4. Bande uma parte (1964)

Bande uma parte é, sem dúvida, Godard mais emblemáticos do cinema desde a década de 1960, especialmente depois de Bernardo Bertolucci Os sonhadores (2003) trouxe-a de volta para a atenção de jovens cinéfilos. Anna Karina se encontra estrelando novamente entre duas contra-partes masculinas, como ela fez em seu primeiro filme com Godard, Une femme est une femme (1961), interpretando o cliché gerir um trois do cinema francês. Se o filme de 1961 foi uma comédia, no entanto, Bande uma parte está longe de ser um. O filme segue a história de Odile (Karina), que é convidado por Franz (Sami Frey) e Arthur (Claude Brasseur) para cometer um roubo, a fim de fazer uma pausa da rotina. Odile, uma garota solitária que gosta muito de ir ao cinema, se perde na ação que ela provavelmente viu como algo de um filme em vez de um roubo real – até que era tarde demais.

5. Alphaville (1965)

um dos primeiros filmes do gênero, antes de filmes como Equilibrium (2002), Alphaville é uma ficção científica distópica sobre uma sociedade localizada em um planeta diferente, onde as emoções são proibidas. Godard faz uma crítica engenhosa sobre as funções da linguagem: quando uma emoção se torna proibida em Alphaville, as palavras que a descrevem são removidas do dicionário, e o sempre atualizado dicionário serve como a Bíblia da sociedade.

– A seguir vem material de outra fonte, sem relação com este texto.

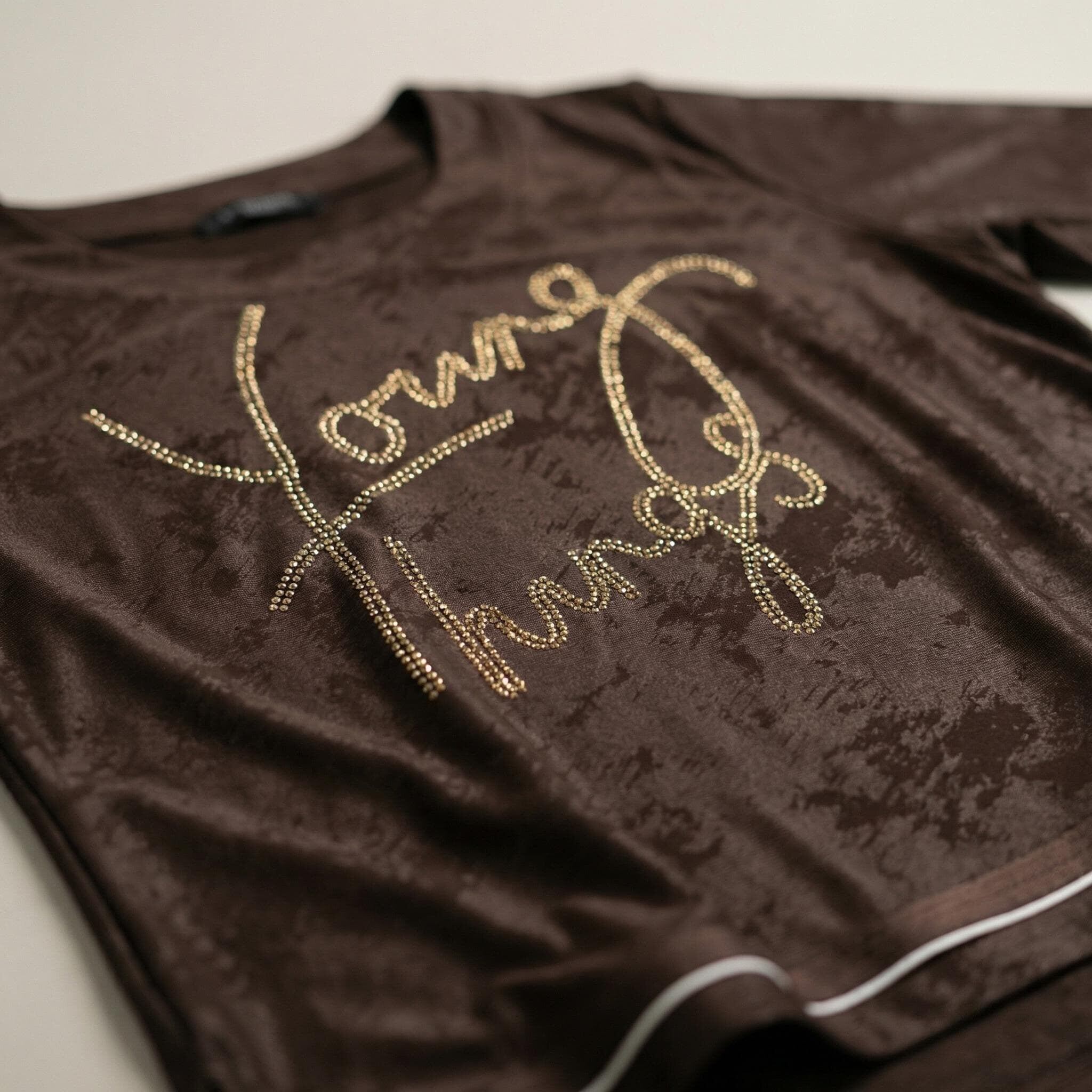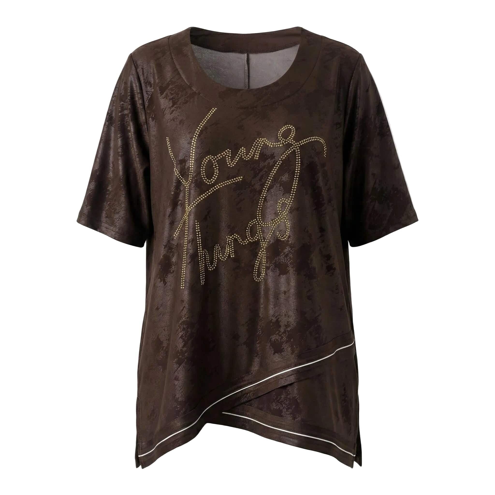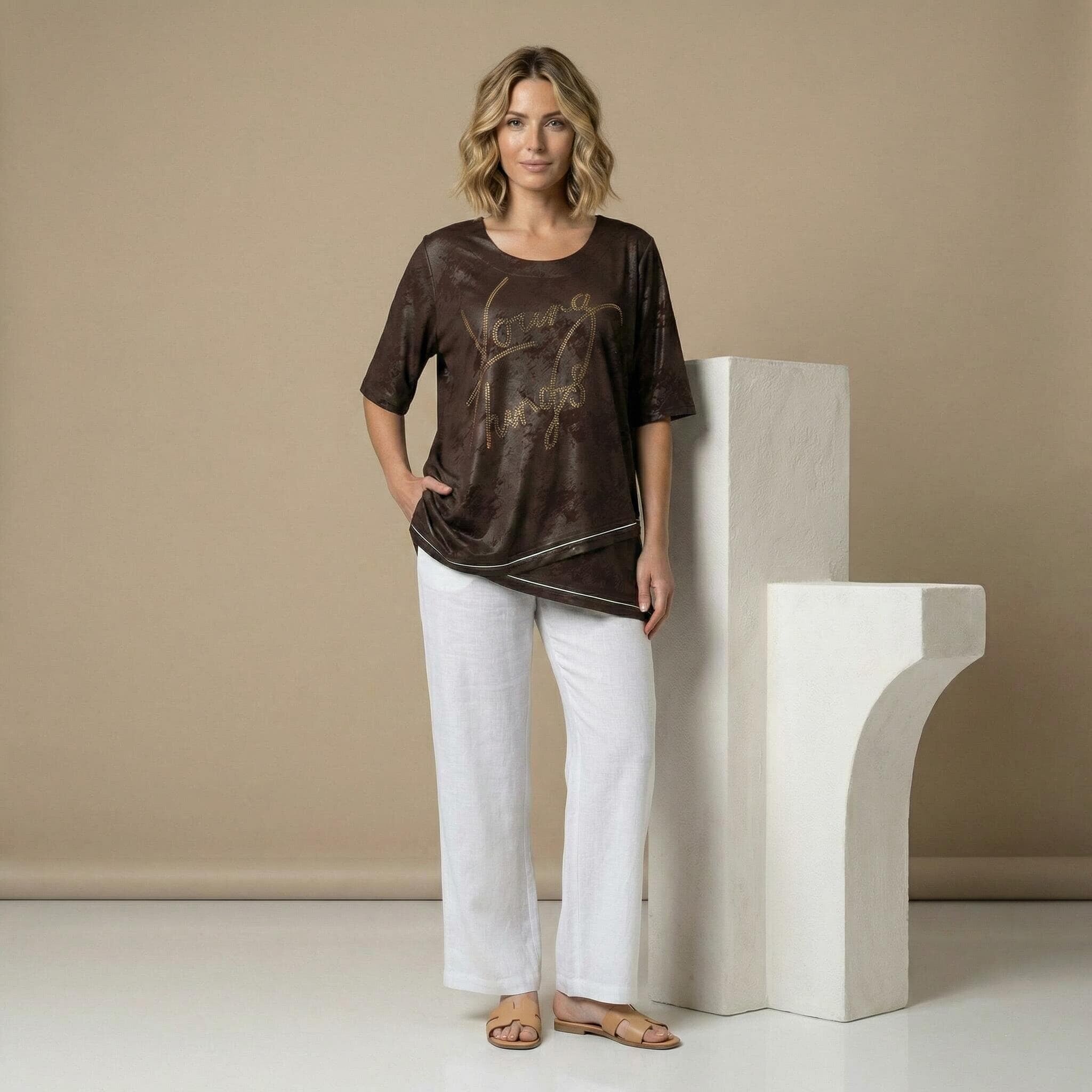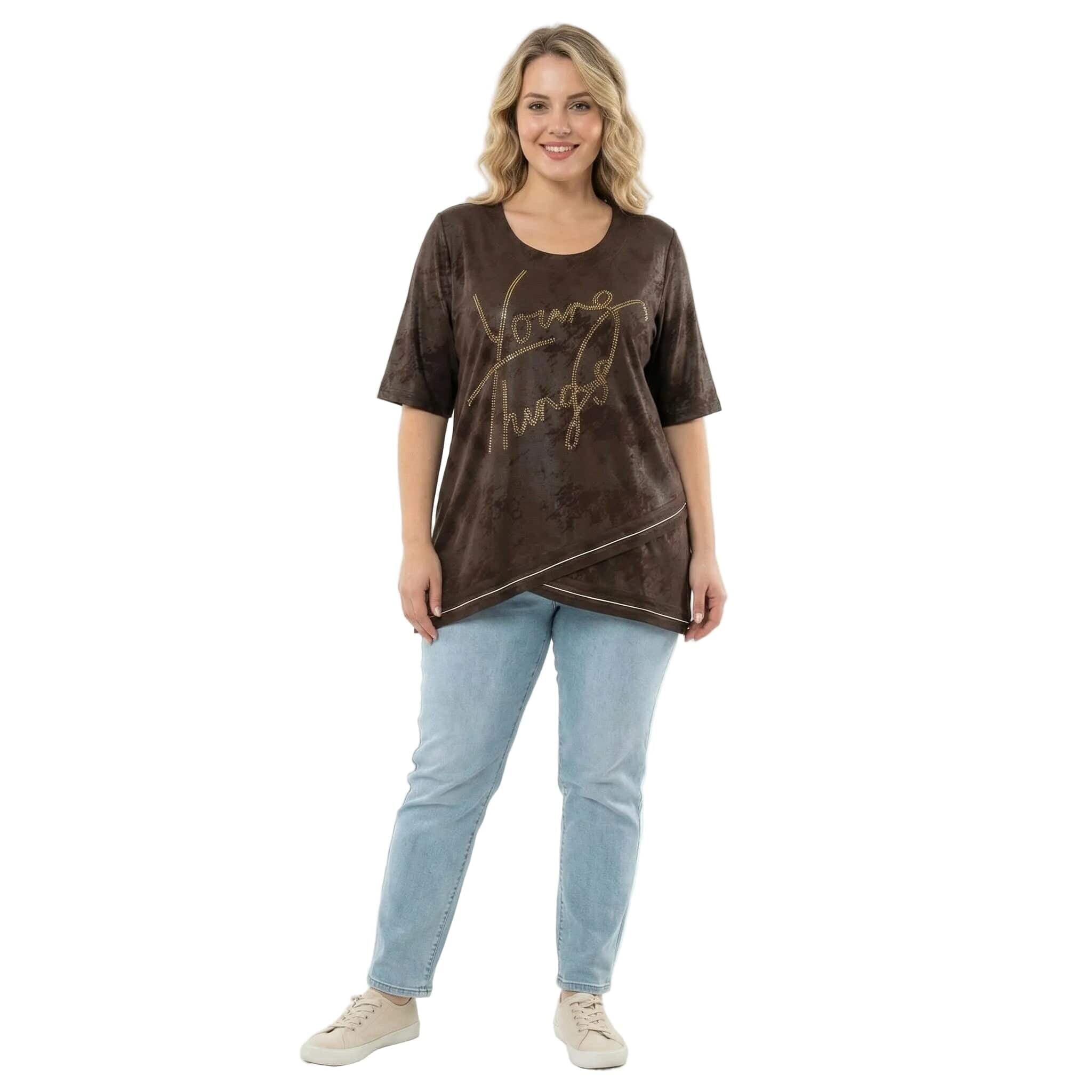 Подчертайте своята женственост и индивидуален стил с тази изискана официална макси туника в кафяво. Моделът е създаден с мисъл за дамите с пищни форми, съчетавайки безупречна елегантност и ежедневен комфорт. Изработена е от мека, еластична материя с ефектен релефен завършек и фин блясък, която пада тежко и красиво по тялото. Дизайнът се отличава с разкроена кройка, обло деколте и къси ръкави, осигуряващи пълна свобода на движение. Асиметричната предна част, акцентирана с деликатен бял кант, и бляскавият надпис от камъчета придават неповторимо очарование на дрехата. Тази туника е перфектният избор както за специални поводи, така и за стилно ежедневие, като се комбинира чудесно с елегантен панталон или любимия ви клин.
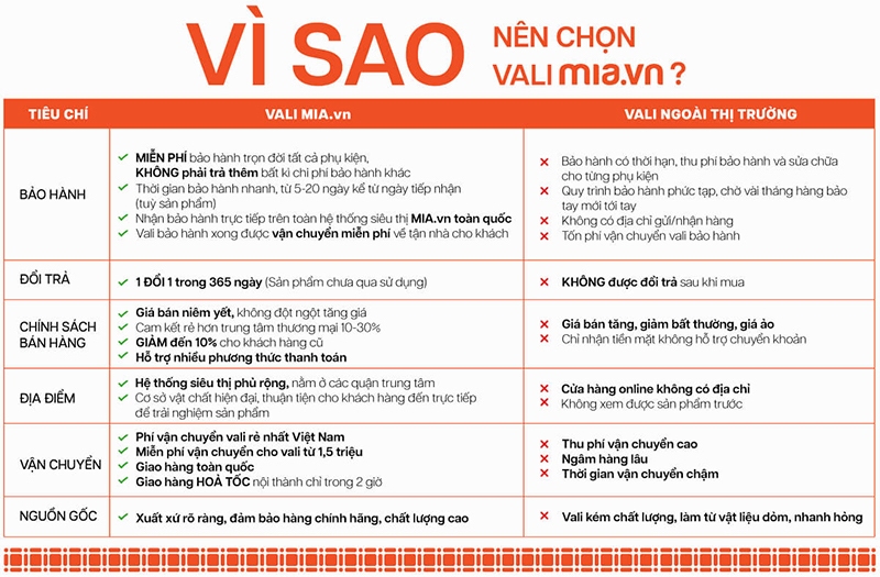 Việc chọn mua vali tại MIA.vn không chỉ mang đến sự an tâm về chất lượng mà còn giúp bạn tận hưởng những quyền lợi vượt trội mà khó tìm thấy ở nơi khác.
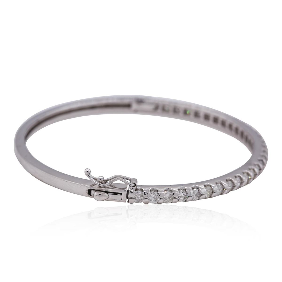 One electronically tested 14KT white gold ladies combination cast & assembled bangle bracelet with a hidden box clasp with safety closer with a bright polish finish. Measurements: 2.50 x 2.00. Condition is new. Containing: Thirty prong set round brilliant cut diamonds, measuring 2.60 - 2.60 x 1.56mm (depth est.) approximate total weight of 30 Stones = 1.93ct. Clarity: SI-2 to I-1. Color: H - I, Cut is Good. All diamonds are graded in the mounting, unless otherwise stated. Total Weight of Diamonds 1.93ct. Total Weight of Bracelet 14.20 grams. GGL Appraised at $7,330.00.
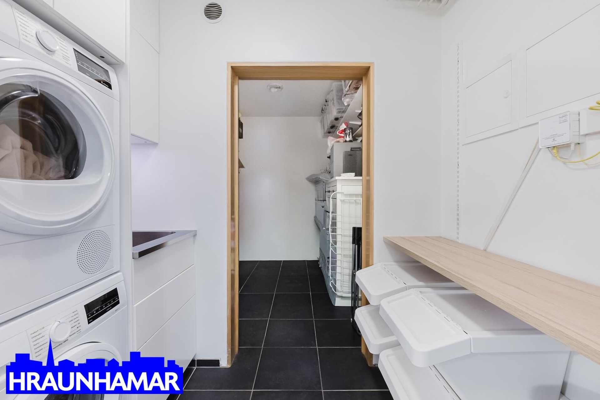 Þvottahús með innréttingu og geymsla inn af þvottahúsi.
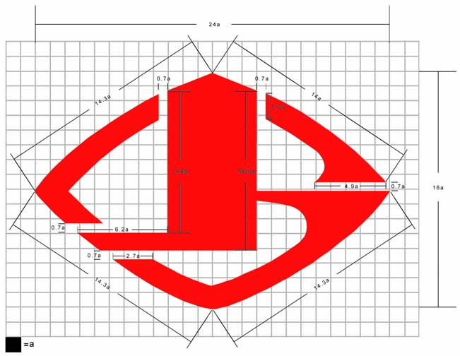 本圖嚴格規(guī)定標志制作的規(guī)范和各個部分比例關(guān)系,制作時應(yīng)嚴格按照本制圖法的規(guī)定。
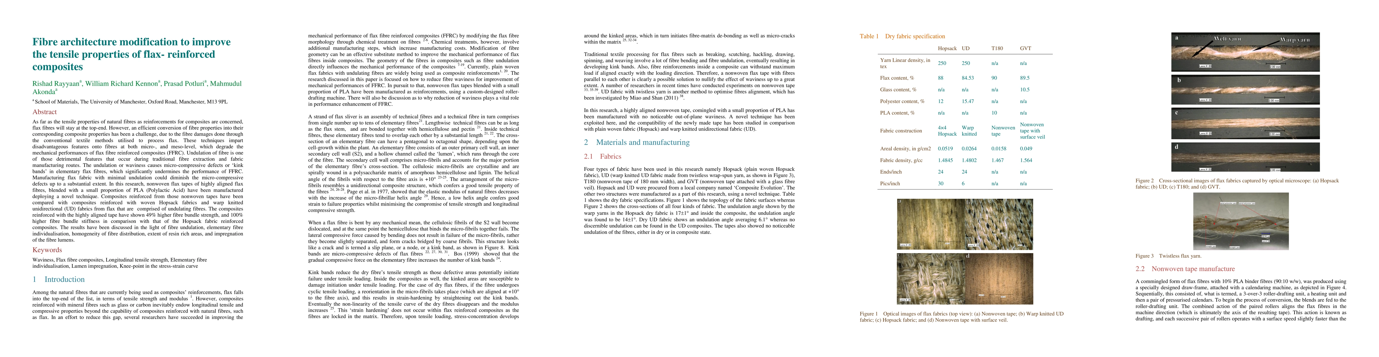 This research investigates the morphological modification of flax fibre bundles to enhance the tensile properties of flax fibre reinforced epoxy composites. Nonwoven flax tapes with highly aligned fibres, compared to woven and knitted flax fabrics, showed significantly improved fibre bundle strength and stiffness, highlighting the detrimental effects of fibre undulation on composite performance.
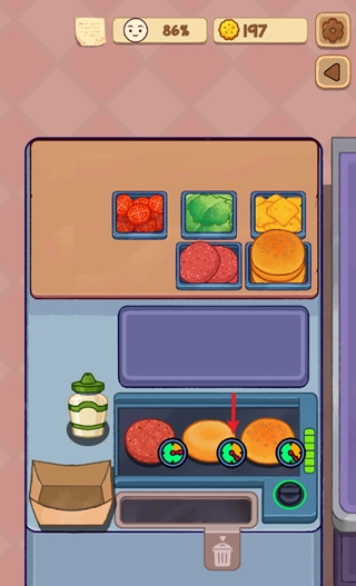 在制作汉堡的过程中,玩家要留意火候与时间的把控,这样才能保证汉堡的品质。
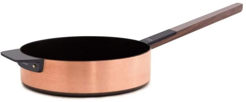 Pfanne aus der Chrom-Noir Linie besitzt einen Stiel aus hochwertigem Nussbaumholz, sie ist aus mattiertem Kupfer und weist einen induktionsfähigen Sandwichboden auf. Die Kupferpfanne besitzt eine natürliche Antihaftbeschichtung und ist für alle Herdarten und den Backofen geeignet.
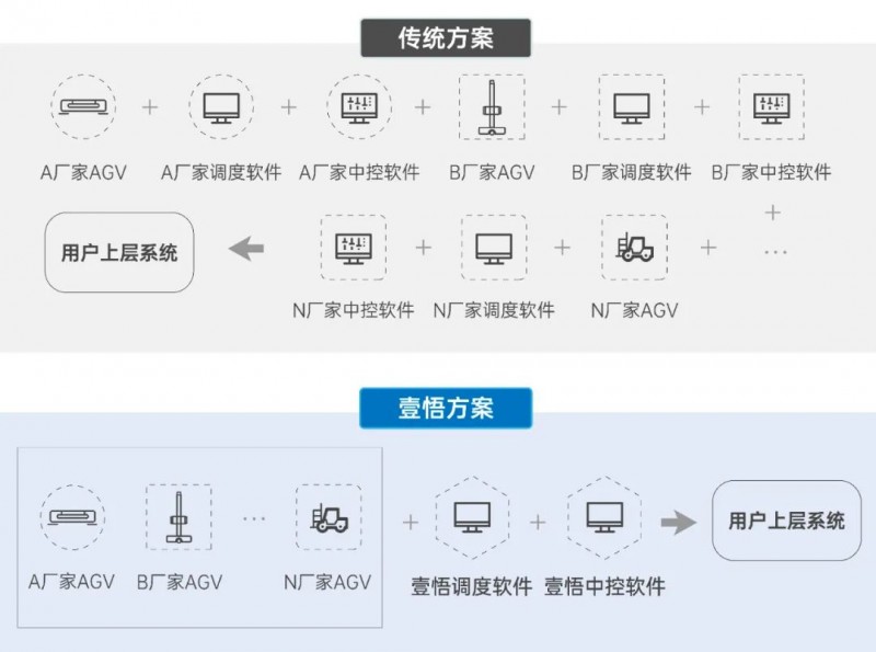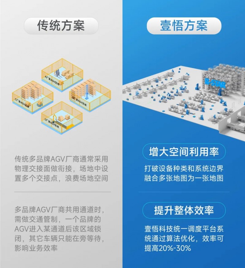 同等作業(yè)效率下,壹悟科技星羅自動(dòng)化工廠解決方案,不僅可以輕松實(shí)現(xiàn)“一套系統(tǒng)調(diào)度全場”,大幅降低改造成本與對接工作量,還可以通過軟件靈活配置和修改流程,快速適應(yīng)業(yè)務(wù)變化。
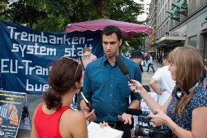 Am 13. August demonstrierte die BüSo in Berlin für die Einführung des Trennbankensystems, dessen Funktionsweise der Spitzenkandidat Stefan Tolksdorf Bürgern und Journalisten erläuterte.
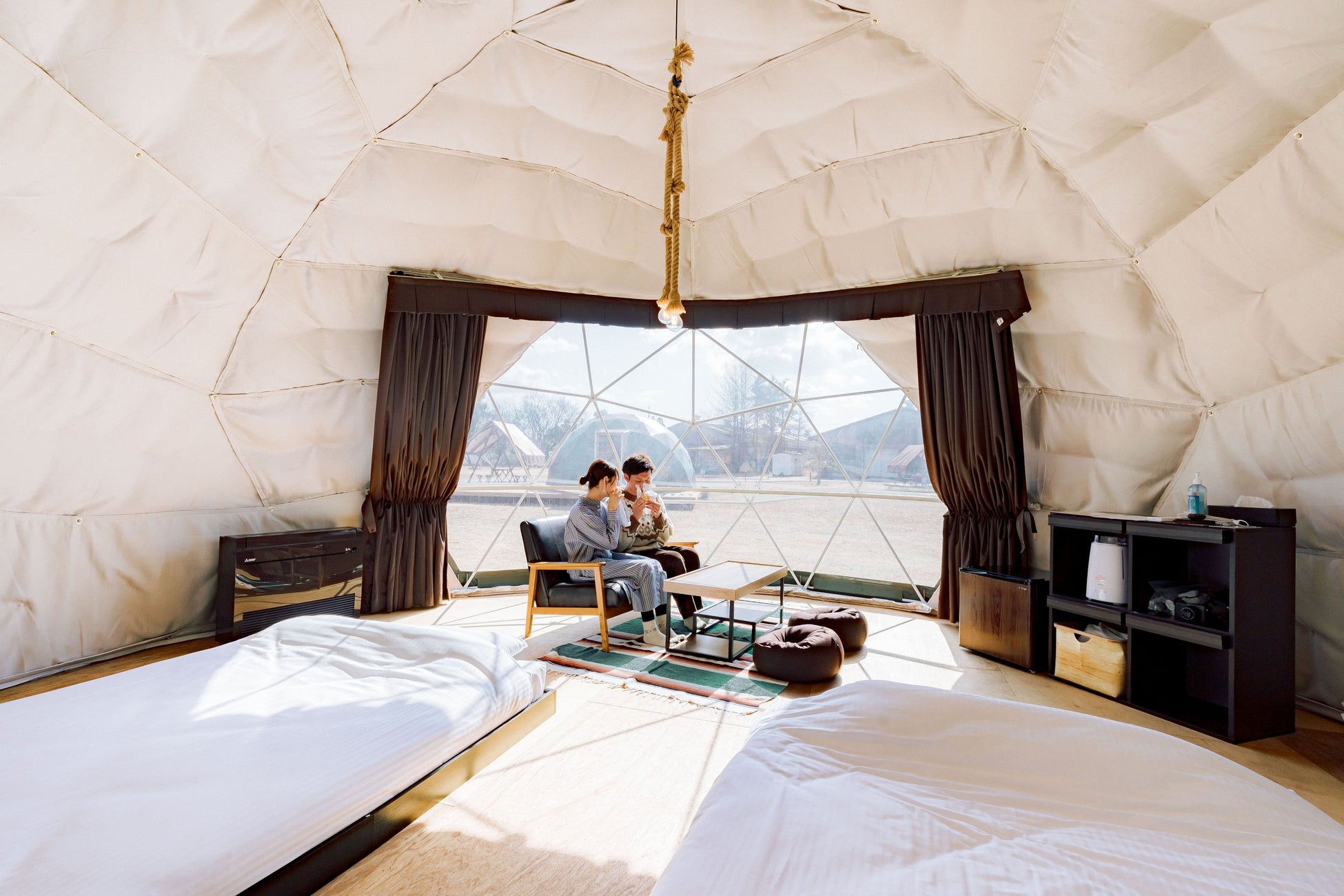 40,000平米の開放的な芝生が広がり、全室冷暖房・ベッドが完備されたテントで快適なグランピングをお楽しみいただけます。
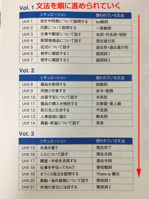 ビジネス英語を学ぶと言うよりは、中学校で教わった文法を復讐しながらビジネスに使えそうな語彙を絡めて覚えて行く感じになっています。
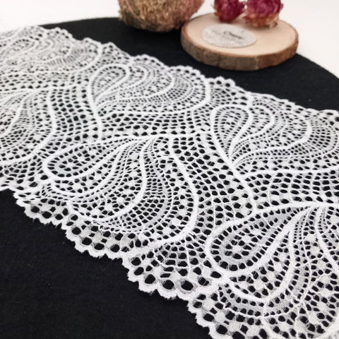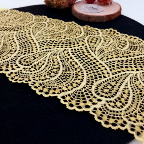 Depending on the quantity, lace fabrics will either be put onto a roll/spool and packed into cartons or, if the quantity is low, they may also be just folded and put into an envelope. The meterage per roll/spool varies depending on the width.
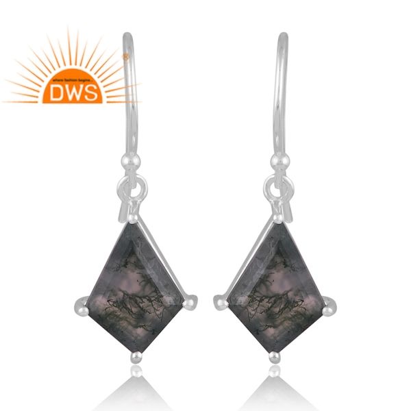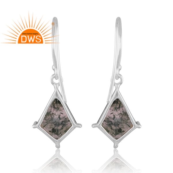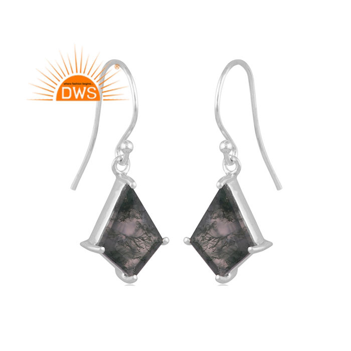 ต่างหูห้อยประดับพลอยมอสอาเกตสีเขียวธรรมชาติ เงินแท้คุณภาพดี ออกแบบโดยดีไซเนอร์ชั้นนำ ผู้ผลิตเครื่องประดับสั่งทำ

o filme segue a história de uma jovem mulher de Alphaville que quebra a lei, apaixonando-se pelo detetive americano que estava lá para investigar seu planeta. Com um filme estético Noir, com a mulher fatal (Anna Karina) e um detetive (Eddie Constantine) com uma aparência fria, Alphaville é outro dos de Godard sobre a arte, desta vez a arte das palavras e seu poder para apoiar a realidade.

6. Pierrot le fou (1965)

após a estética escura de Alphaville, Pierrot le fou vem como uma explosão de cor. Jean-Paul Belmondo mais uma vez interpreta o homem louco de amor em um filme sobre um gangster e seu interesse amoroso, mas desta vez o gangster é a garota (Anna Karina), e ele não pode recusar fugir com ela. Colorido por muitas semelhanças com Breathless, Pierrot le fou quebra todas as expectativas narrativas como segue os protagonistas pela estrada da auto-destruição, com explosões coloridas – tanto no sentido figurado e literal.O filme Two in the wave (2010), um documentário sobre Jean-Luc Godard e François Truffaut, explora o paralelo entre a estética dos filmes de Godard e o declínio de sua relação com Anna Karina. Depois de Une femme est une femme, o primeiro filme em que trabalharam juntos, a estética de seus filmes torna – se mais escura e mais escura, culminando com o sombrio Alphaville-imediatamente seguido pelo brilhante Pierrot le fou e, mais tarde, feito nos Estados Unidos (1966). De acordo com o paralelo que o documentário propõe, esta mudança no humor do filme está longe de sugerir que a relação entre o cineasta e sua musa começou novamente a mover – se para cima-prova de que eles se divorciaram em 1967. Em vez disso, a cor desses dois últimos filmes que fizeram juntos é uma forma de celebrar o passado da sua relação. Neste sentido, é interessante notar que Pierrot le fou termina com ambos os amantes morrendo.

7. Feminina masculina(1966)

Masculin Feminin é o primeiro filme de Godard a dar uma direção política clara na filmografia de Godard, depois que le petit soldat (1963) deu uma dica nessa direção, mas não foi seguido por filmes com mensagens políticas mais claras. Paulo (Leaud) acaba de terminar seu serviço militar obrigatório, e através de suas interações com as pessoas a seu redor, especialmente sua namorada, que é uma cantora de música pop, o filme desenha observações e críticas sobre a cultura jovem da França no momento.

a oposição entre as crenças do protagonista e as da juventude ao seu redor é descrita no título “as crianças de Marx e Coca-Cola”. O fato de que o filme é estrelado por Jean-Pierre Leaud, a musa do bom amigo de Godard, François Truffaut, é um pouco irônico, como a vez do diretor para o filme político vai significar o fim de sua amizade com Truffaut.

Pages: 1 2

Deixe uma resposta

O seu endereço de email não será publicado.